— What this task involves —
Only the lines from the one that includes "マルジョウの晩春 1年で一番" through the last line below belong in the reply, copied exactly and without pictures.

— Data excerpt —
==*==

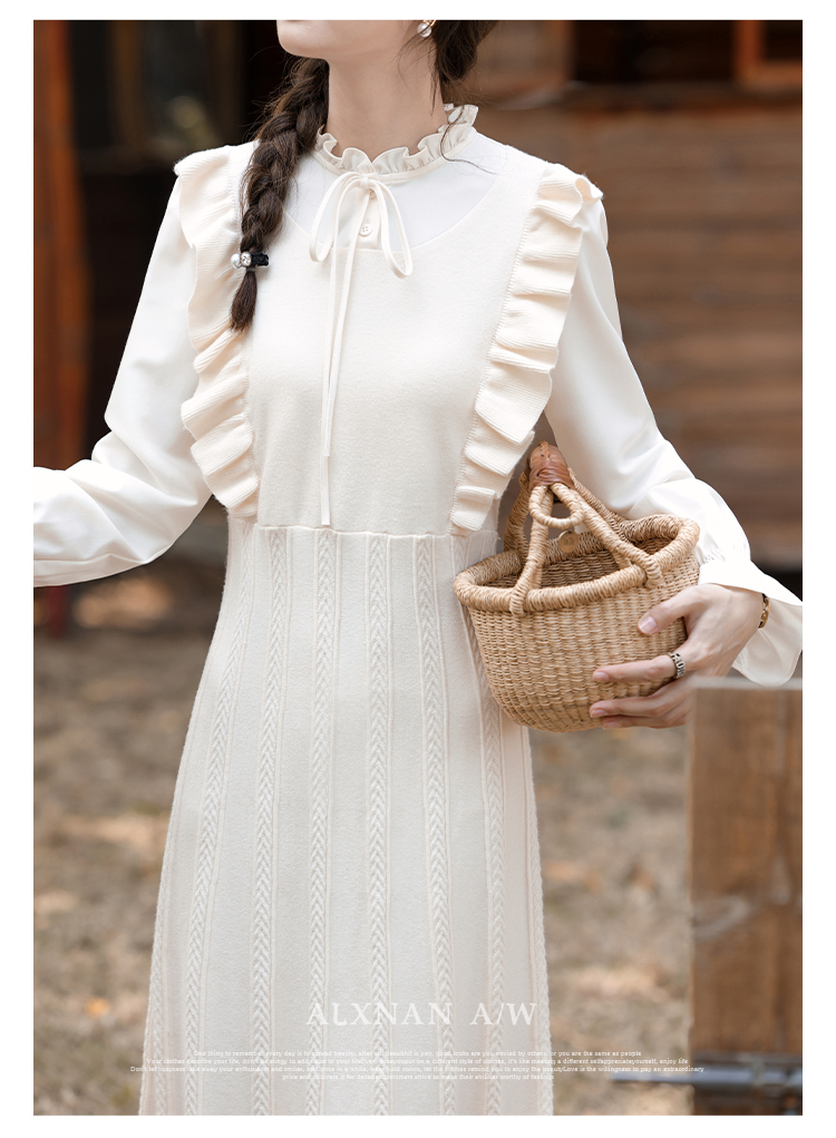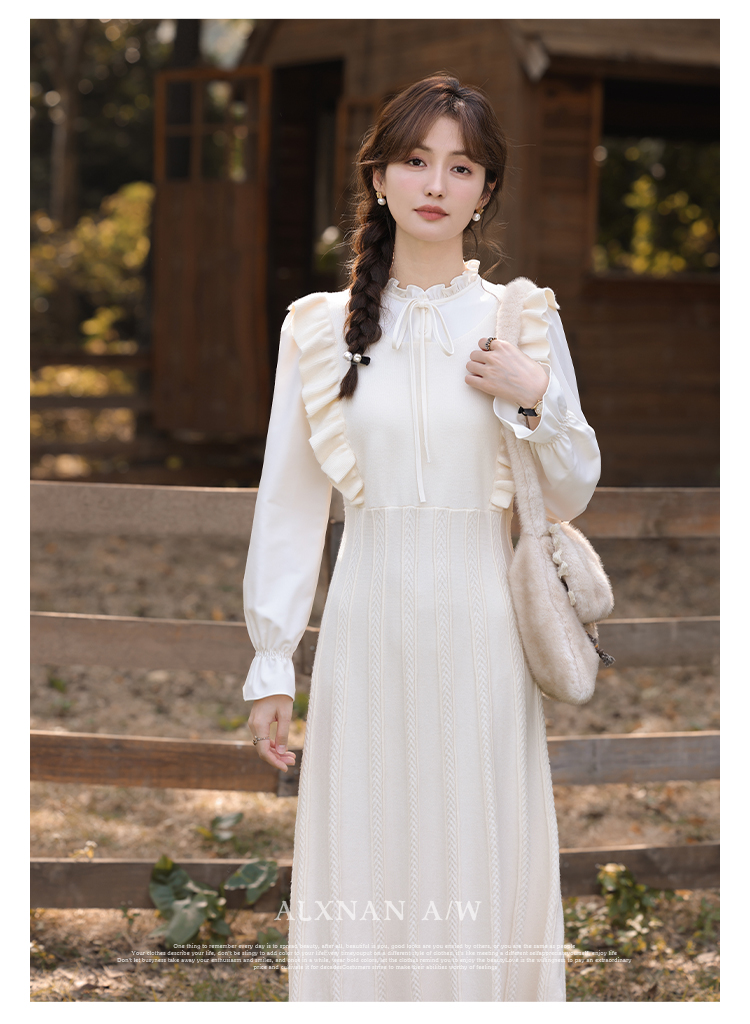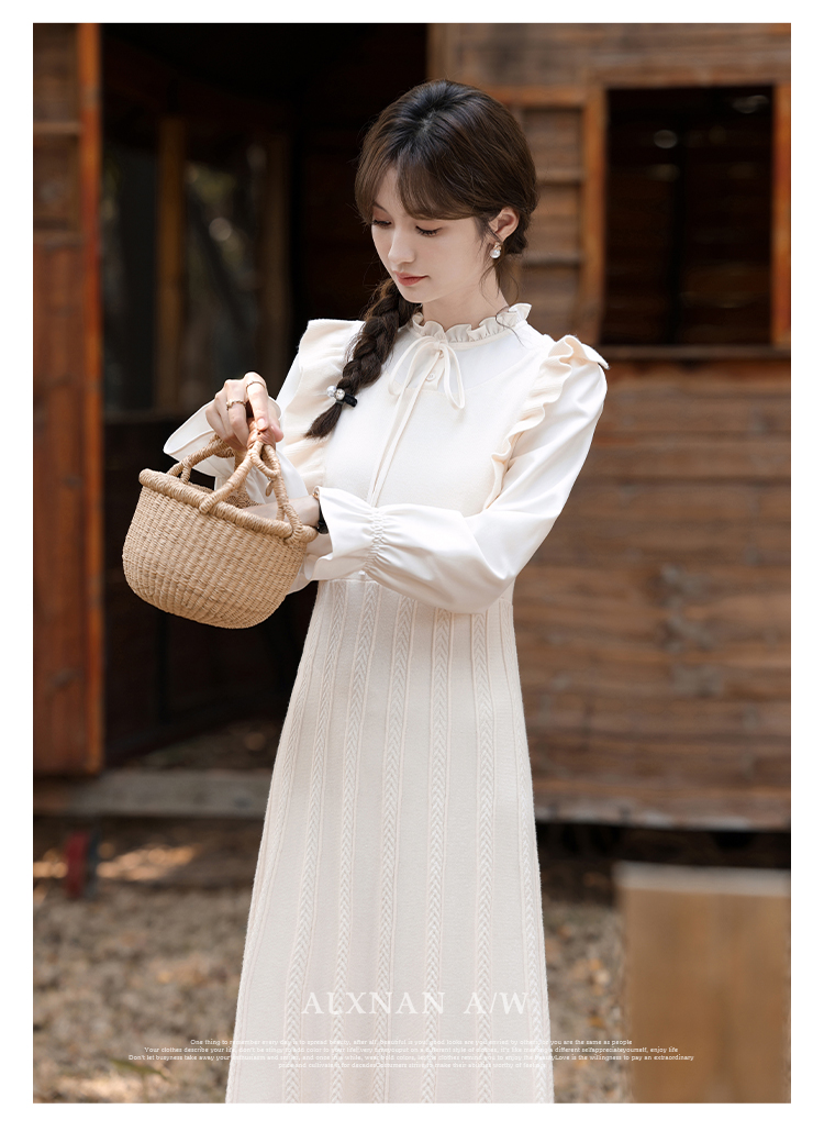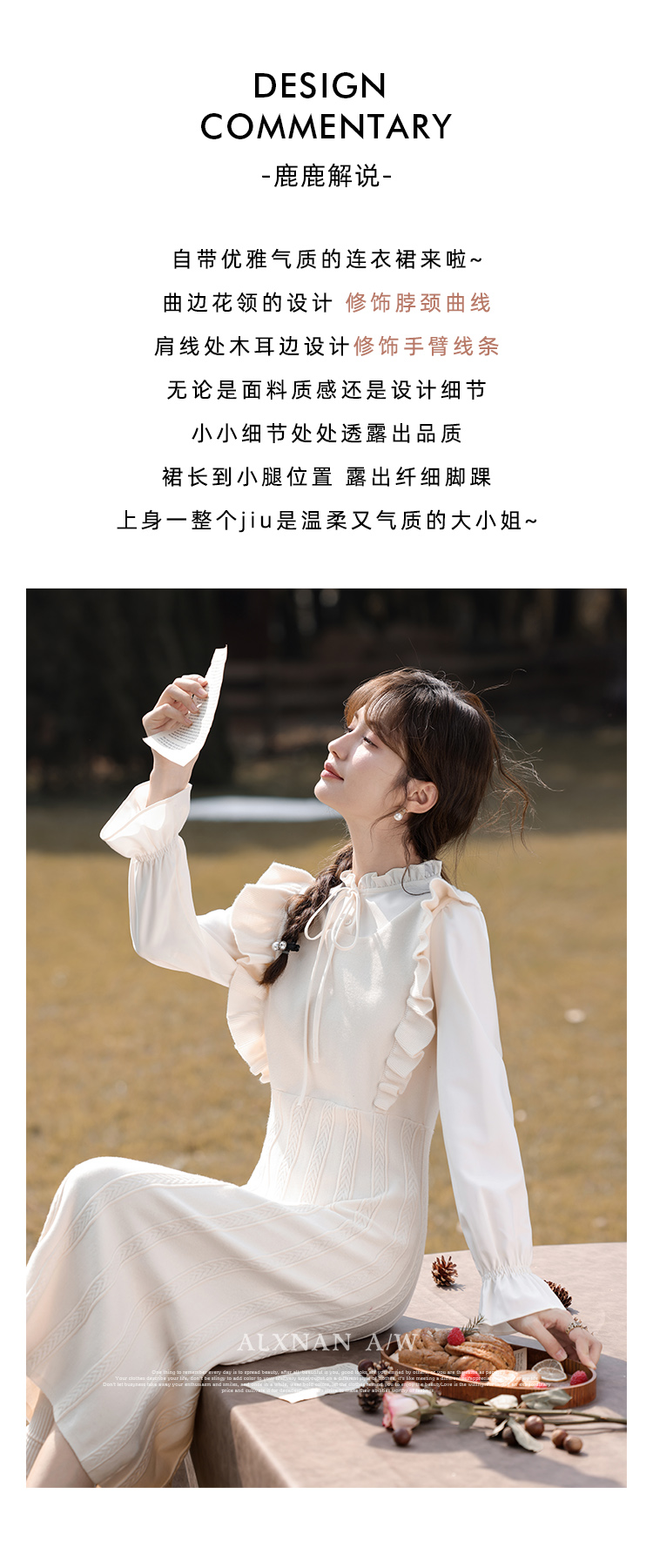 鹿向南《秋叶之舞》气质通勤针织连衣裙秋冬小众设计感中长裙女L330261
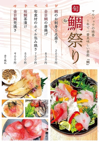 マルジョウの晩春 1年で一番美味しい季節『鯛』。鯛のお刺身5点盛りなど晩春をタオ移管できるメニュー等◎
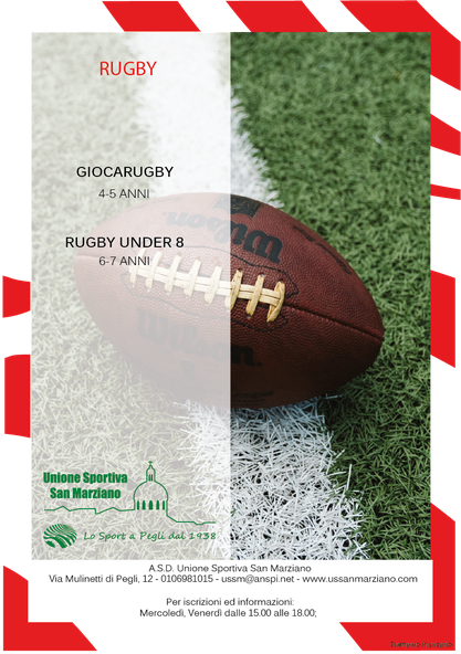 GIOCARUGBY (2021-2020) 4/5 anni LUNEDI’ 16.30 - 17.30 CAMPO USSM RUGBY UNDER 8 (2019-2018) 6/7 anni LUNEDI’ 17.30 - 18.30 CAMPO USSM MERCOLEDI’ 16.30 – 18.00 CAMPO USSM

==*==

— Result of this task —
 マルジョウの晩春 1年で一番美味しい季節『鯛』。鯛のお刺身5点盛りなど晩春をタオ移管できるメニュー等◎
 GIOCARUGBY (2021-2020) 4/5 anni LUNEDI’ 16.30 - 17.30 CAMPO USSM RUGBY UNDER 8 (2019-2018) 6/7 anni LUNEDI’ 17.30 - 18.30 CAMPO USSM MERCOLEDI’ 16.30 – 18.00 CAMPO USSM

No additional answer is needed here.